▶ **AVAILABLE DATA**:
_ _ _ _ _ _ _
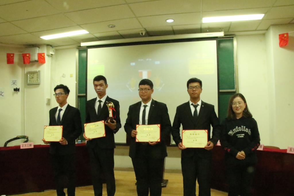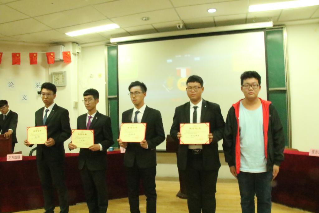 经过评委们的慎重打分,主持人宣布了得奖情况,自动化专业一班荣获优秀组织奖,冠军队伍是通信工程的千机辩队,获得亚军的是电子信息科学与技术专业的真理队,得到季军的是来自自动化一班的穿梭在银河里的火箭队。同时也有4位同学获得了最佳辩手的殊荣,他们分别是石佳强同学,柳伟同学,尹鹏同学和林卓异同学。
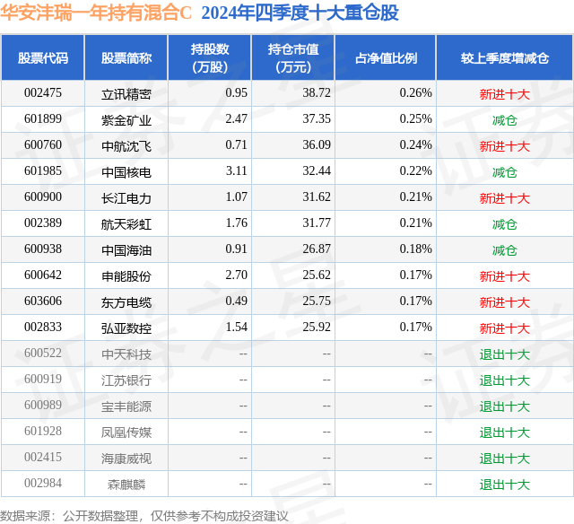 从基金规模来看,华安沣瑞一年持有混合C基金2024年四季度公布的基金规模为0.1亿元,较上一期规模1246.23万元变化了-295.44万元,环比变化了-23.71%。该基金最新一期资产配置为:股票占净值比6.92%,债券占净值比109.7%,现金占净值比1.39%。从基金持仓来看,该基金当季前十大股票仓位达2.08%,第一大重仓股为立讯精密(002475),持仓占比为0.26%。
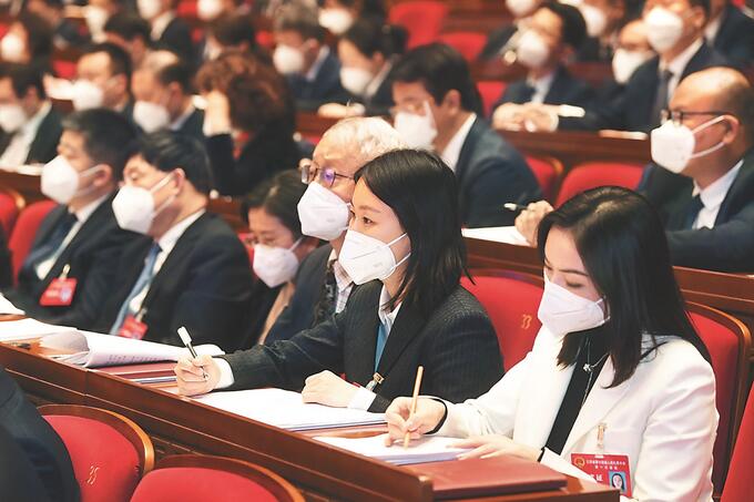 人大代表認(rèn)真聽取政府工作報(bào)告。吳勝 朱江 萬程鵬 攝
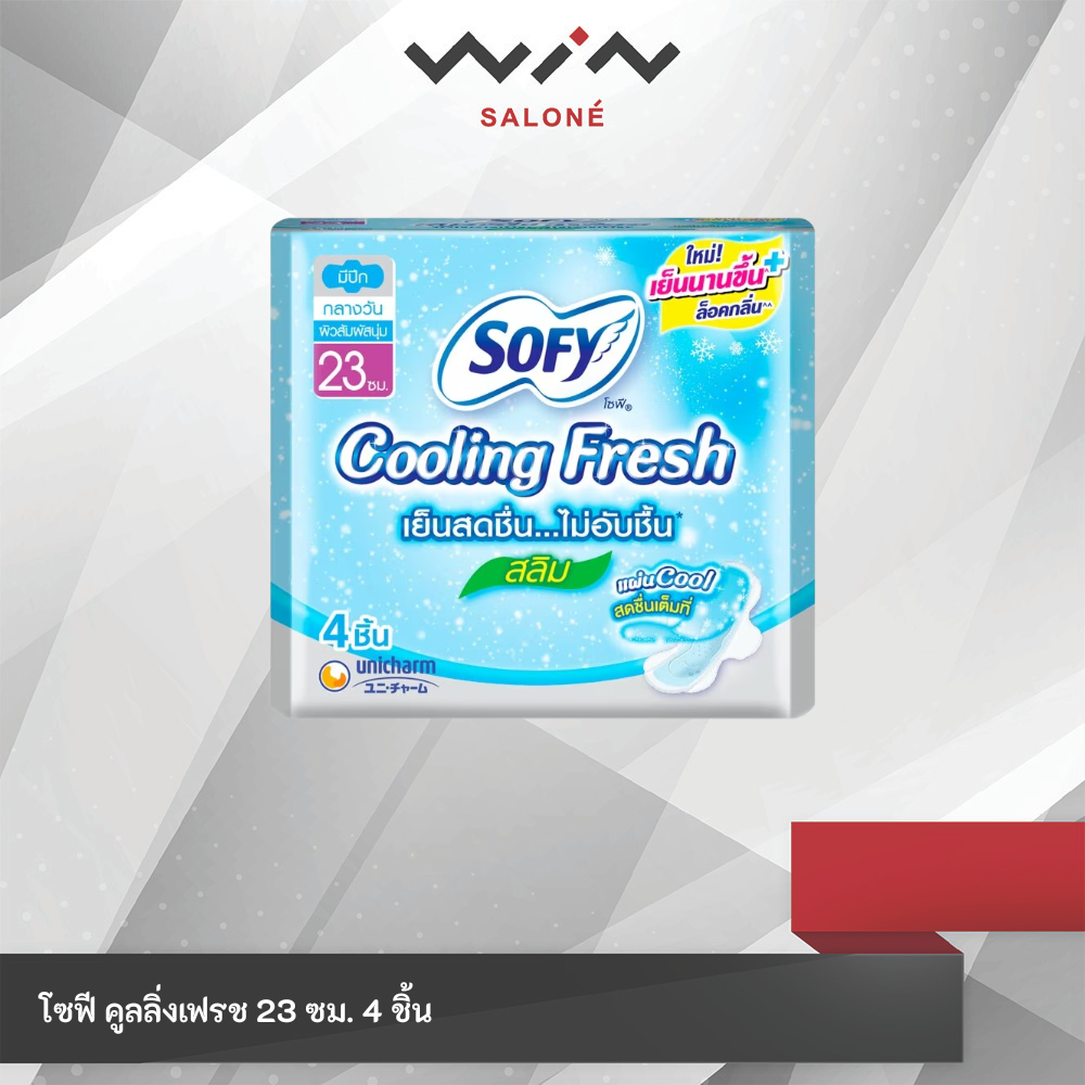 Sofy โซฟีคูลลิ่งเฟรช สลิมมีปีก 23ซม. 4 ชิ้น ผ้าอนามัยสูตรเย็น ติดราคา 18 บาท
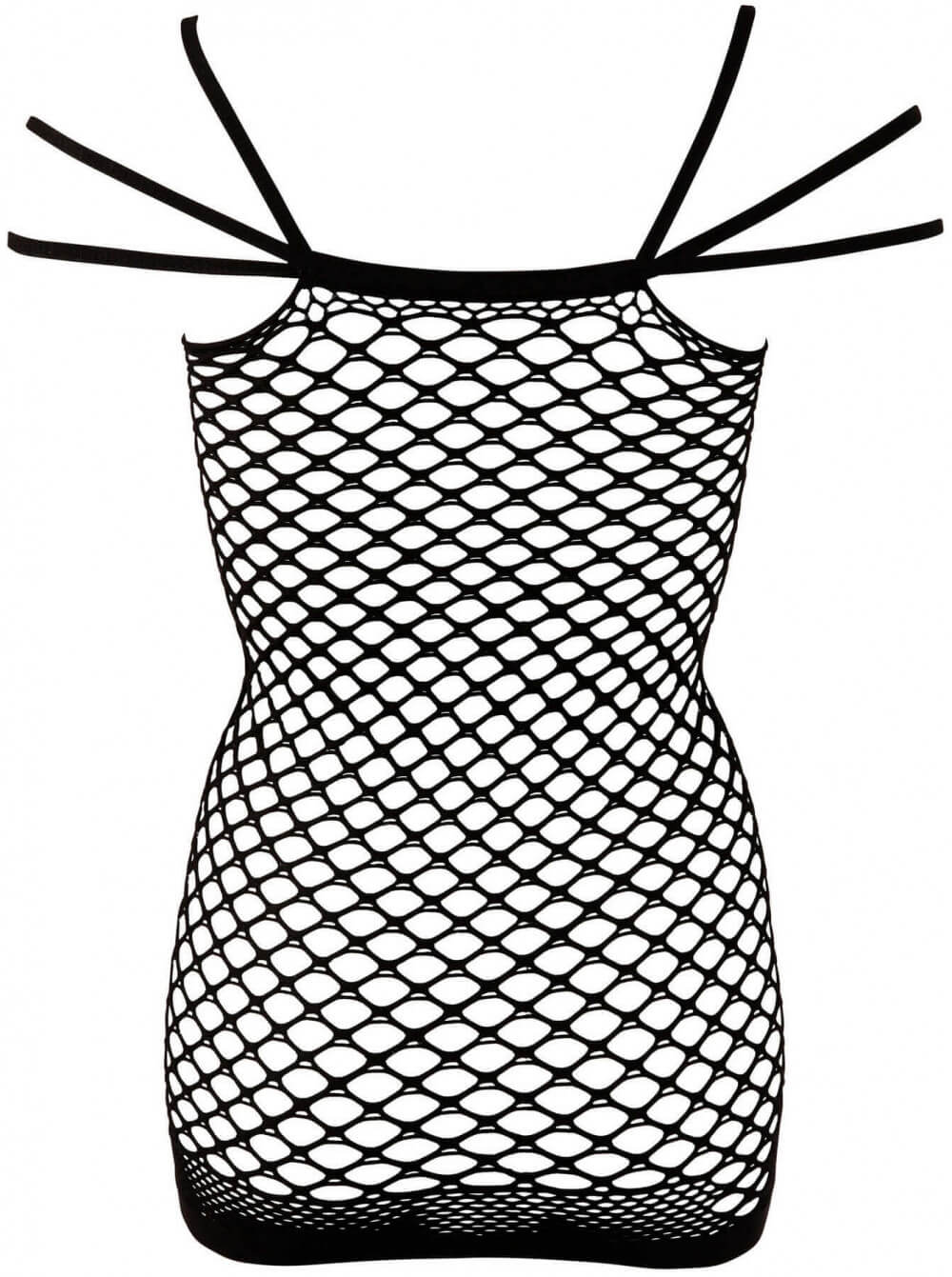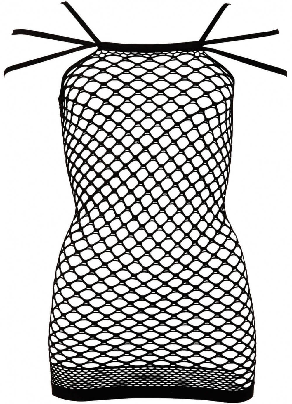 Minidress sexy din plasă! Minidress negru din plasă cu bretele triple. Material moale, elastic, de calitate extrem de înaltă. Mărime: S - L (mărime uniformă). Material : 85% poliamidă, 15% elastan.
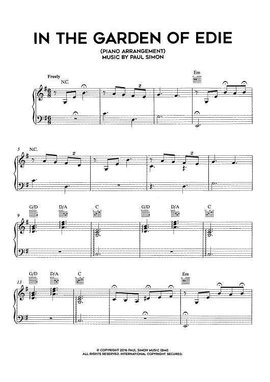 "In the Garden of Edie (piano arrangement)" Sheet Music by Paul Simon
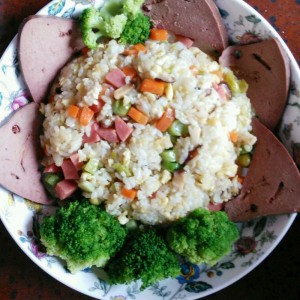 将香菇、胡萝卜、西兰花梗洗净切丁,西兰花的花部留着装饰(也是可以吃的)。将食材在沸水里滚一下,注意滚的时候放几滴油和少量盐。滚完后要沥干水份,一会还要炒。
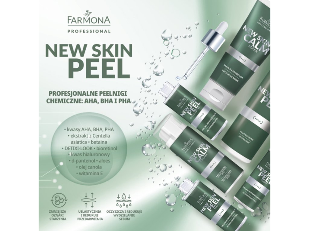 Řada NEW SKIN PEEL od Farmona Professional je unikátní kosmetické ošetření na bázi kyselin. Rozmanitost produktů umožňuje dokonalý výběr léčebné terapie, která vyhovuje potřebám pleti. Jedinečná kombinace AHA, BHA a PHA kyselin zlepšuje stav stárnoucí pleti, pleti se zabarvením, akné, viditelnými jizvami, šedou a suchou pokožkou. Zklidňující maska a krém SPF50 dokonale doplňují ošetření, zklidňují podráždění, podporují regeneraci pokožky a poskytují jí vysokou ochranu.
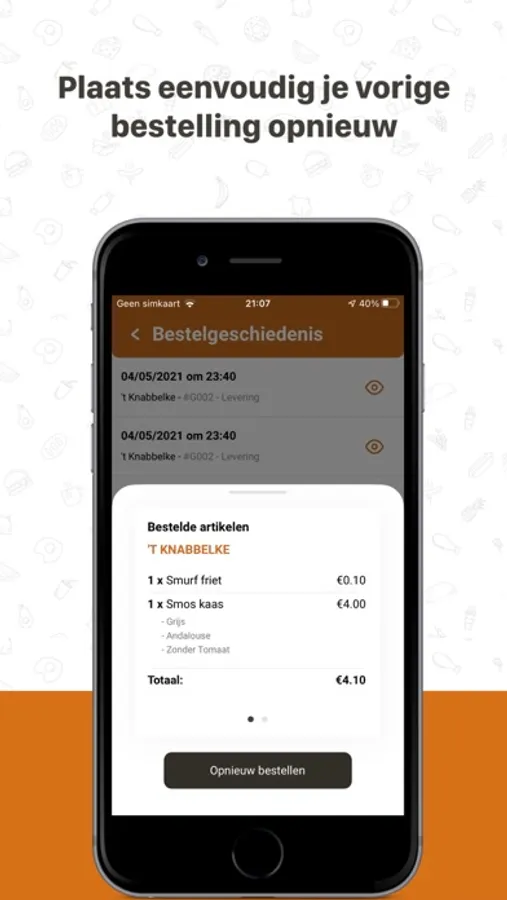 Via de favorieten functie of je bestelgeschiedenis ben je slechts enkele vingerdrukken verwijderd van een nieuwe bestelling. Echt handig!
_ _ _ _ _ _ _
The answer should consist of every line above, exact and free of images.

 经过评委们的慎重打分,主持人宣布了得奖情况,自动化专业一班荣获优秀组织奖,冠军队伍是通信工程的千机辩队,获得亚军的是电子信息科学与技术专业的真理队,得到季军的是来自自动化一班的穿梭在银河里的火箭队。同时也有4位同学获得了最佳辩手的殊荣,他们分别是石佳强同学,柳伟同学,尹鹏同学和林卓异同学。
 从基金规模来看,华安沣瑞一年持有混合C基金2024年四季度公布的基金规模为0.1亿元,较上一期规模1246.23万元变化了-295.44万元,环比变化了-23.71%。该基金最新一期资产配置为:股票占净值比6.92%,债券占净值比109.7%,现金占净值比1.39%。从基金持仓来看,该基金当季前十大股票仓位达2.08%,第一大重仓股为立讯精密(002475),持仓占比为0.26%。
 人大代表認(rèn)真聽取政府工作報(bào)告。吳勝 朱江 萬程鵬 攝
 Sofy โซฟีคูลลิ่งเฟรช สลิมมีปีก 23ซม. 4 ชิ้น ผ้าอนามัยสูตรเย็น ติดราคา 18 บาท
 Minidress sexy din plasă! Minidress negru din plasă cu bretele triple. Material moale, elastic, de calitate extrem de înaltă. Mărime: S - L (mărime uniformă). Material : 85% poliamidă, 15% elastan.
 "In the Garden of Edie (piano arrangement)" Sheet Music by Paul Simon
 将香菇、胡萝卜、西兰花梗洗净切丁,西兰花的花部留着装饰(也是可以吃的)。将食材在沸水里滚一下,注意滚的时候放几滴油和少量盐。滚完后要沥干水份,一会还要炒。
 Řada NEW SKIN PEEL od Farmona Professional je unikátní kosmetické ošetření na bázi kyselin. Rozmanitost produktů umožňuje dokonalý výběr léčebné terapie, která vyhovuje potřebám pleti. Jedinečná kombinace AHA, BHA a PHA kyselin zlepšuje stav stárnoucí pleti, pleti se zabarvením, akné, viditelnými jizvami, šedou a suchou pokožkou. Zklidňující maska a krém SPF50 dokonale doplňují ošetření, zklidňují podráždění, podporují regeneraci pokožky a poskytují jí vysokou ochranu.
 Via de favorieten functie of je bestelgeschiedenis ben je slechts enkele vingerdrukken verwijderd van een nieuwe bestelling. Echt handig!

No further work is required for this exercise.